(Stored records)
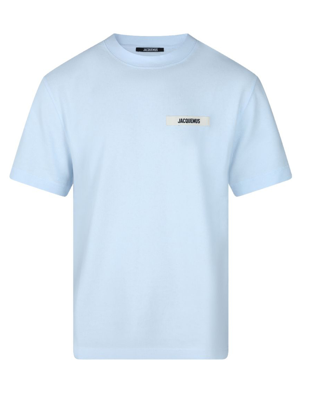 T-shirt azzurra Le T-shirt Gros Grain di Jacquemus in cotone con gircollo, applicazione con logo e orlo dritto.
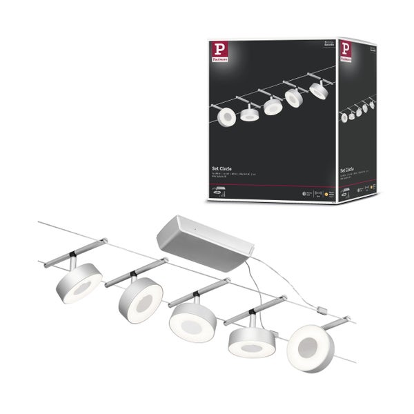 Die Serie Circle in Chrom matt mit 5 LED-Spots kann sowohl an der Wand als auch an der Decke montiert werden und bietet dadurch grenzenlose Gestaltungsmöglichkeiten. Egal ob gerade, schräg oder verwinkelt - Seilsysteme passen in jeden Raum und sind die Problemlöser für schwierige Installationsbedingungen. Das Basisset lässt sich individuell durch Einzelspots, Umlenker und weiteres Zubehör ergänzen. Das Seil mit einer Länge vom 10 m, kann in der Mitte geteilt werden, sodass das System auf max. 5 m gespannt werden kann. Mit diesem System lässt sich eine optimale Lichtverteilung realisieren, bei steigendem Lichtbedarf lässt es sich problemlos erweitern. Für die Verteilung der Leuchten im gesamten Raum wird nur ein Stromauslass benötigt. Systeme mit der Technik 12V DC (Gleichspannung) lassen sich nicht über einen Wand-Einbaudimmer dimmen.
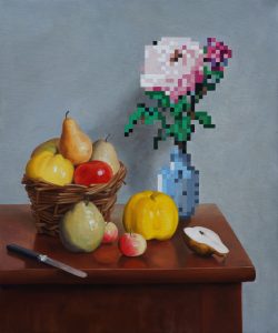 spontani događaj koji je promijenio pogled na sliku i muzej, ali i napravio značajnu transformaciju umjetnine u mem“. Vjerujem da nije mogao preciznije opisati ono što će poslije postati njegov umjetnički credo: trenutak kada slika prestaje biti artefakt i postaje fenomen, kruženje, skretanje pogleda, svojevrsni optički virus. Usto, to je možda najbolji orijentir za ulazak u njegov slikarski svijet, nešto poput unutarnjeg kompasa koji nam pokazuje gdje se slika danas zapravo nalazi. Jer u Šandrkovim radovima i remek-djela i turisti i digitalni cvjetovi i mrtve prirode i memovi nalaze se u istoj ravni, u istoj vizualnoj ekonomiji u kojoj je svaka slika tek jedna među mnogima. Upravo ono što Krešimir Purgar naziva „prelaskom iz reprezentacijskog modela slike u područje njezina fenomenalnog pojavljivanja“, kada slika „više ne obavlja funkciju stabilnog označavanja nego se pojavljuje kao događaj u perceptivnom polju“ (Purgar, Pictorial Appearing. Image Theory After Representation, str. 14-17). Šandrk to ne teoretizira; on to slika. Šandrkov rad proizlazi iz svijesti da suvremena slika nastaje u tehničkom
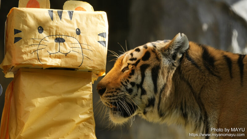 放飼場に登場したらすぐに飛びかかると思いきや、遠くから警戒しながら、ゆっくりゆっくり距離を縮めていくという、アムールトラならではのアプローチでした。午前と午後で個体が変わるので、個体の性格にも依ることが見られました。
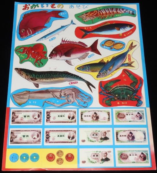 【駄玩具】おかいものあそび 昭和30~40年代 子供銀行券付き/えび/まぐろ/たい
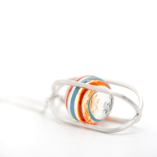 Marble Kinetic: Silver and Pink Pendant Necklace

* Work required:
Give back all of the entries above exactly, with the pictures excluded.

* Task output:
 T-shirt azzurra Le T-shirt Gros Grain di Jacquemus in cotone con gircollo, applicazione con logo e orlo dritto.
 Die Serie Circle in Chrom matt mit 5 LED-Spots kann sowohl an der Wand als auch an der Decke montiert werden und bietet dadurch grenzenlose Gestaltungsmöglichkeiten. Egal ob gerade, schräg oder verwinkelt - Seilsysteme passen in jeden Raum und sind die Problemlöser für schwierige Installationsbedingungen. Das Basisset lässt sich individuell durch Einzelspots, Umlenker und weiteres Zubehör ergänzen. Das Seil mit einer Länge vom 10 m, kann in der Mitte geteilt werden, sodass das System auf max. 5 m gespannt werden kann. Mit diesem System lässt sich eine optimale Lichtverteilung realisieren, bei steigendem Lichtbedarf lässt es sich problemlos erweitern. Für die Verteilung der Leuchten im gesamten Raum wird nur ein Stromauslass benötigt. Systeme mit der Technik 12V DC (Gleichspannung) lassen sich nicht über einen Wand-Einbaudimmer dimmen.
 spontani događaj koji je promijenio pogled na sliku i muzej, ali i napravio značajnu transformaciju umjetnine u mem“. Vjerujem da nije mogao preciznije opisati ono što će poslije postati njegov umjetnički credo: trenutak kada slika prestaje biti artefakt i postaje fenomen, kruženje, skretanje pogleda, svojevrsni optički virus. Usto, to je možda najbolji orijentir za ulazak u njegov slikarski svijet, nešto poput unutarnjeg kompasa koji nam pokazuje gdje se slika danas zapravo nalazi. Jer u Šandrkovim radovima i remek-djela i turisti i digitalni cvjetovi i mrtve prirode i memovi nalaze se u istoj ravni, u istoj vizualnoj ekonomiji u kojoj je svaka slika tek jedna među mnogima. Upravo ono što Krešimir Purgar naziva „prelaskom iz reprezentacijskog modela slike u područje njezina fenomenalnog pojavljivanja“, kada slika „više ne obavlja funkciju stabilnog označavanja nego se pojavljuje kao događaj u perceptivnom polju“ (Purgar, Pictorial Appearing. Image Theory After Representation, str. 14-17). Šandrk to ne teoretizira; on to slika. Šandrkov rad proizlazi iz svijesti da suvremena slika nastaje u tehničkom
 放飼場に登場したらすぐに飛びかかると思いきや、遠くから警戒しながら、ゆっくりゆっくり距離を縮めていくという、アムールトラならではのアプローチでした。午前と午後で個体が変わるので、個体の性格にも依ることが見られました。
 【駄玩具】おかいものあそび 昭和30~40年代 子供銀行券付き/えび/まぐろ/たい
 Marble Kinetic: Silver and Pink Pendant Necklace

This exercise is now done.